Вторая сторона вопроса – как учить, т.е. как узнать, какой метод наилучший, точно так же осталась и остается нерешенной.

Как в первой стороне вопроса чему учить? – предположение, что на основании рассуждений можно основывать программу учения, привадит к противоречащим одна другой школам, точно то же можно видеть и в вопросе как учить? Возьмем самую первую ступень обучения грамоте. Один утверждает, что легче всего по карточкам; другой – по бъ, въ; третий – Корфу [5]; четвертый – по бе, ее, ге и т.п. На последнем заседании кто-то изгг. членов говорил, что келейницы-девушки выучивают читать по буки-аз–ба в шесть недель. И каждый учитель, убежденный в превосходстве своего способа, доказывает это превосходство или тем, что он скорее других выучивает, или рассуждениями вроде тех, которые приводятг. Бунаков и немецкие педагоги. В настоящее время, когда есть сотни приемов, надо же точно знать, чем руководствоваться при выборе. Ни теория, ни рассуждения, ни даже самые результаты учения не могут вполне показать этого.

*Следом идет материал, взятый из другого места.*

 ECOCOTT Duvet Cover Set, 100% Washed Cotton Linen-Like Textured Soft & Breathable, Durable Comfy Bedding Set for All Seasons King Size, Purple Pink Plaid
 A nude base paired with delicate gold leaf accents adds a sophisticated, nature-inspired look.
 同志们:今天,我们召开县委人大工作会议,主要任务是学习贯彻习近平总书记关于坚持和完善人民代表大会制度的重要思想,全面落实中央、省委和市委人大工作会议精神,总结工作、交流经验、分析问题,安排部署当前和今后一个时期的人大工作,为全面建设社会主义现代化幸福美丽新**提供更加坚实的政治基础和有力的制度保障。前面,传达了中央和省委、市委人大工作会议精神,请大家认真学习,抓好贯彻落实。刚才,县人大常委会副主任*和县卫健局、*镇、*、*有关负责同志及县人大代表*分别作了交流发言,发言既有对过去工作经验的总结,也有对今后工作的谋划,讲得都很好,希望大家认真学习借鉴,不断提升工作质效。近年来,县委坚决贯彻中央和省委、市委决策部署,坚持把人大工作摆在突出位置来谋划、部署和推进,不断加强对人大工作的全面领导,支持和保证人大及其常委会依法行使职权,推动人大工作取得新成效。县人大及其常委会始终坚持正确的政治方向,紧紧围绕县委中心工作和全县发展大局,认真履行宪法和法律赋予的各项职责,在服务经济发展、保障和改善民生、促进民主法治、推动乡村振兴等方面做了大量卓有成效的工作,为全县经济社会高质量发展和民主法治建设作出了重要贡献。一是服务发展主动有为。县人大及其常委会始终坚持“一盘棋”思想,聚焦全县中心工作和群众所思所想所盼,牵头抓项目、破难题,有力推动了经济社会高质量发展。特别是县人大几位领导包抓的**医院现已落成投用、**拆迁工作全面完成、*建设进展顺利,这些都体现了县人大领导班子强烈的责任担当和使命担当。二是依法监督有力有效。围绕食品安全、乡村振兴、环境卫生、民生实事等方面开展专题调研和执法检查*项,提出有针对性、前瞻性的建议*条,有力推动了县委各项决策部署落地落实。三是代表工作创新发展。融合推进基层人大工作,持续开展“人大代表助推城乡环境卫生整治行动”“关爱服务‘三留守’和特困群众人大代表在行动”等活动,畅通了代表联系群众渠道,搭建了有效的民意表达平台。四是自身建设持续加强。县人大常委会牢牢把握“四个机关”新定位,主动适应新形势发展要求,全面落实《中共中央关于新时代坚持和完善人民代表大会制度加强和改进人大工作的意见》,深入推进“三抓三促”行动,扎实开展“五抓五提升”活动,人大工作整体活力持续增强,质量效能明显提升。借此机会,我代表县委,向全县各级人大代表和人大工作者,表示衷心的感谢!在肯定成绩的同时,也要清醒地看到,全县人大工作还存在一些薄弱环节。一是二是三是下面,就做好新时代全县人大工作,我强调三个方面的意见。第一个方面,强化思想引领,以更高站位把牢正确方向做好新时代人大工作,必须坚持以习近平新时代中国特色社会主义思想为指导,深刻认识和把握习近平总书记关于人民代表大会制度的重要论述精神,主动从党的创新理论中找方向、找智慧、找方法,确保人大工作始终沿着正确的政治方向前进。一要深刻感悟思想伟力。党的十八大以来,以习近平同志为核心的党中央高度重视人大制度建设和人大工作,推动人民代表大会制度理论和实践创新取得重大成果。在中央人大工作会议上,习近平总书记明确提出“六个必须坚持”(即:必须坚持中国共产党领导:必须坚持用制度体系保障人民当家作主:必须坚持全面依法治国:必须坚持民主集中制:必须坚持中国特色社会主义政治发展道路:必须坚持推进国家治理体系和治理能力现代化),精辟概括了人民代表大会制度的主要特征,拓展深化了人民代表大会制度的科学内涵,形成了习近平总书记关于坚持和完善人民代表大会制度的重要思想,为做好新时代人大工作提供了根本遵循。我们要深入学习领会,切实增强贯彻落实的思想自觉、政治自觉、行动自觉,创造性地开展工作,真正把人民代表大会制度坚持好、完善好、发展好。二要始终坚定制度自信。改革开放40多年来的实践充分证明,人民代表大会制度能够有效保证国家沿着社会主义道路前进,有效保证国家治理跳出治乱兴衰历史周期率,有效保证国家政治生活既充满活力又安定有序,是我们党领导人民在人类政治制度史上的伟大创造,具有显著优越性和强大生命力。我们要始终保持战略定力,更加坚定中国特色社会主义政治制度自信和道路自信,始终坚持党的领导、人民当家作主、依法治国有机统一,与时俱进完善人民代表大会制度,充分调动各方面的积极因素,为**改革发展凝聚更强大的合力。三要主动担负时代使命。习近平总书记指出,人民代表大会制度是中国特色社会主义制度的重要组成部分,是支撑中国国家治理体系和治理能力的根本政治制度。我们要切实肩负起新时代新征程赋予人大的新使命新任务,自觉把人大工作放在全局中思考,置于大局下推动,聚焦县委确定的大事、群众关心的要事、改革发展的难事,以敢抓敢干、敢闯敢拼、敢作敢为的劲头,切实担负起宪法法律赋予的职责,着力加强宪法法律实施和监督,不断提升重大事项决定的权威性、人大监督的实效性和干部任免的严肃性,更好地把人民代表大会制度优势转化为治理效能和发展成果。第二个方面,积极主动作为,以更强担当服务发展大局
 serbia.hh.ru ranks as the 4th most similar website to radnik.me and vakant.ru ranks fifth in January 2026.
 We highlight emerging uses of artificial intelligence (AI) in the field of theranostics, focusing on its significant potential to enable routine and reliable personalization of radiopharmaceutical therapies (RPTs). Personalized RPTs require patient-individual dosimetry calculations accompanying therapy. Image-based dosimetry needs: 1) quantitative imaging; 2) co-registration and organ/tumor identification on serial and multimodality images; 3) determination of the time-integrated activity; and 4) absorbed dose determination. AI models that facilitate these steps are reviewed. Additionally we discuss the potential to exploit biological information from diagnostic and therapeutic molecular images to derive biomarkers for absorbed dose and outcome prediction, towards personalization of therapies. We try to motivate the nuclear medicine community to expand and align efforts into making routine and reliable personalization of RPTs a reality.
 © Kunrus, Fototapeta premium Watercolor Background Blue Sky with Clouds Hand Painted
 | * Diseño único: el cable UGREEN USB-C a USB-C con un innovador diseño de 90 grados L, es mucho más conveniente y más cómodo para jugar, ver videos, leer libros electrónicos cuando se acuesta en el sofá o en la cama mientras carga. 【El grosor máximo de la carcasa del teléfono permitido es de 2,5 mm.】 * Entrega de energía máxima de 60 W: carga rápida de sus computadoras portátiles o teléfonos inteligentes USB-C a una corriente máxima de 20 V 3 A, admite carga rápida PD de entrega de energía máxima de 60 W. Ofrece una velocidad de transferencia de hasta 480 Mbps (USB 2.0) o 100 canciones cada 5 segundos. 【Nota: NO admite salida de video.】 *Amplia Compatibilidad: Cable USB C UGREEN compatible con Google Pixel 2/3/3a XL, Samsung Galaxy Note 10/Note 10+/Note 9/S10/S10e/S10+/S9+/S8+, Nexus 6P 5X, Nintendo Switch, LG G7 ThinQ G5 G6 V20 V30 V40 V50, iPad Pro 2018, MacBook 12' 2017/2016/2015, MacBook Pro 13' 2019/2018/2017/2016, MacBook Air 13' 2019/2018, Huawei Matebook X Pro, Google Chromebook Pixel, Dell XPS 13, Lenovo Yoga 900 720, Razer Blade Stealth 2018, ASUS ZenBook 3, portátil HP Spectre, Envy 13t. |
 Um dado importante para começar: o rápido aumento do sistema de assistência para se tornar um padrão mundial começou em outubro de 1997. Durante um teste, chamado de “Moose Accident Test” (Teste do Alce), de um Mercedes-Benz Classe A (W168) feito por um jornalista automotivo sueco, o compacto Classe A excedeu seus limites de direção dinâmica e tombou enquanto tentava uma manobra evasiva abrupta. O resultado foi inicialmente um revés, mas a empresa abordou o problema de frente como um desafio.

Образование, учение рассматриваются обыкновенно отвлеченно, т.е. рассматривается вопрос о том, как наилучшим и наилегчайшим способом произвести над известным субъектом (один ли это ребенок или масса детей) известное действие обучения. Взгляд этот совершенно ложен. Всякое образование и учение не может быть рассматриваемо иначе, как известное отношение двух лиц или двух совокупностей лиц, имеющих целью образование или обучение. Это определение, более общее, чем другие определения, в особенности относится к народному образованию, в котором дело идет об образовании огромного количества лиц и при котором не может быть речи об идеальном образовании. Вообще, при народном образовании нельзя ставить вопрос так: как дать наилучшее образование? Все равно, как нельзя при вопросе о питании народа ставить вопрос: как испечь самый питательный и лучший хлеб? А надо ставить вопрос: как при данных людях, желающих учиться и желающих учить, устроить наилучшее отношение? Или: как из данной решетной муки сделать наилучший хлеб? Следовательно, вопрос как учить? какой наилучший метод? есть вопрос о том, какое отношение между учащим и учащимся будет наилучшее.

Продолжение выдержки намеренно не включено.